OPEN Foundation

Anxiety disorders / PTSD

Psychedelics not linked to mental health problems or suicidal behavior: A population study

Abstract

A recent large population study of 130,000 adults in the United States failed to find evidence for a link between psychedelic use (lysergic acid diethylamide, psilocybin or mescaline) and mental health problems.

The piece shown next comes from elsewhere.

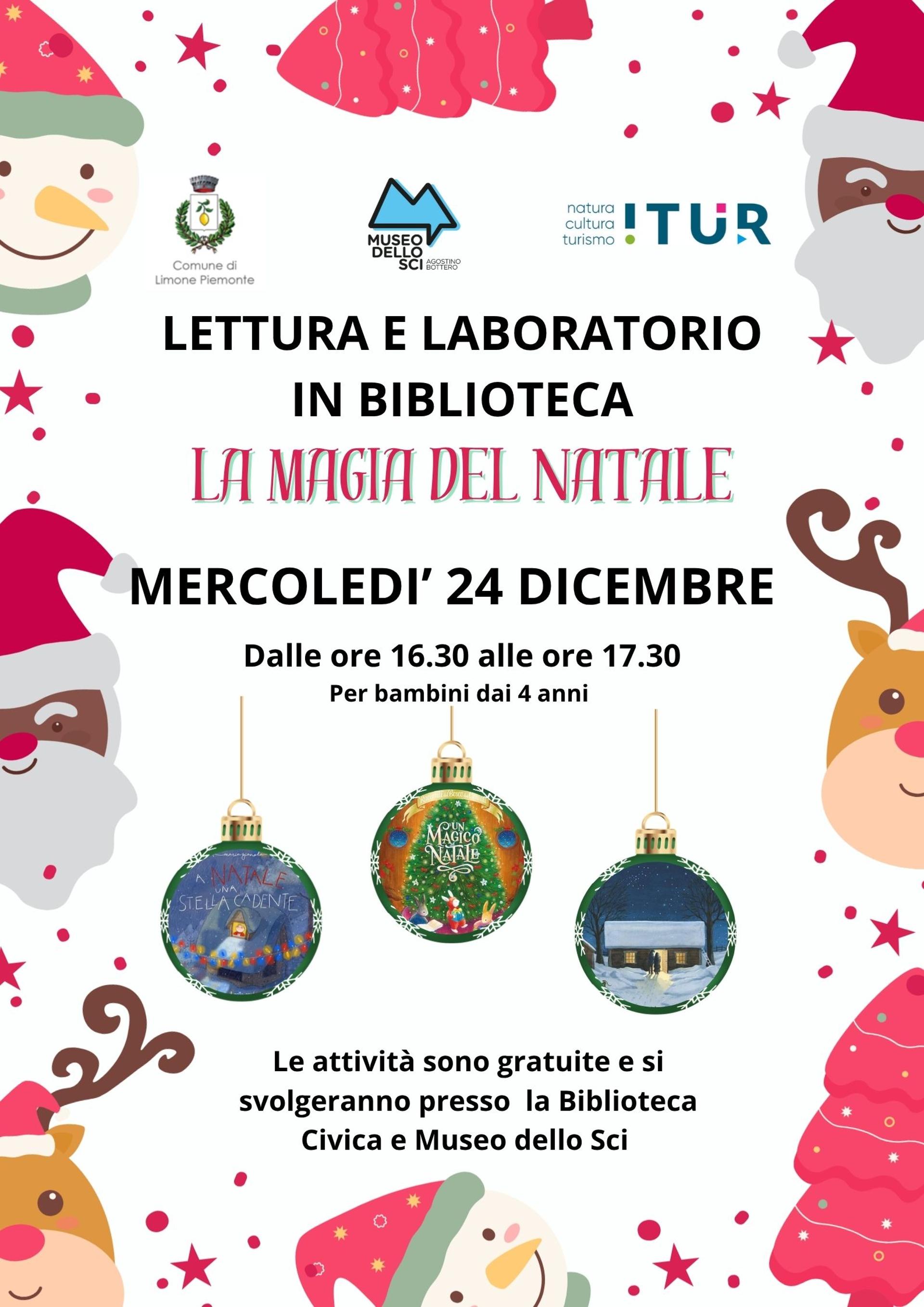Mercoledì 24 dicembre presso la Biblioteca e Museo dello Sci di Limone Piemonte, attività per bambini dai 4 anni dal titolo " La magia del Natale ", dalle ore 16.30 alle 17.30. Ingresso libero.

Using a new data set consisting of 135,095 randomly selected United States adults, including 19,299 psychedelic users, we examine the associations between psychedelic use and mental health. After adjusting for sociodemographics, other drug use and childhood depression, we found no significant associations between lifetime use of psychedelics and increased likelihood of past year serious psychological distress, mental health treatment, suicidal thoughts, suicidal plans and suicide attempt, depression and anxiety. We failed to find evidence that psychedelic use is an independent risk factor for mental health problems. Psychedelics are not known to harm the brain or other body organs or to cause addiction or compulsive use; serious adverse events involving psychedelics are extremely rare. Overall, it is difficult to see how prohibition of psychedelics can be justified as a public health measure.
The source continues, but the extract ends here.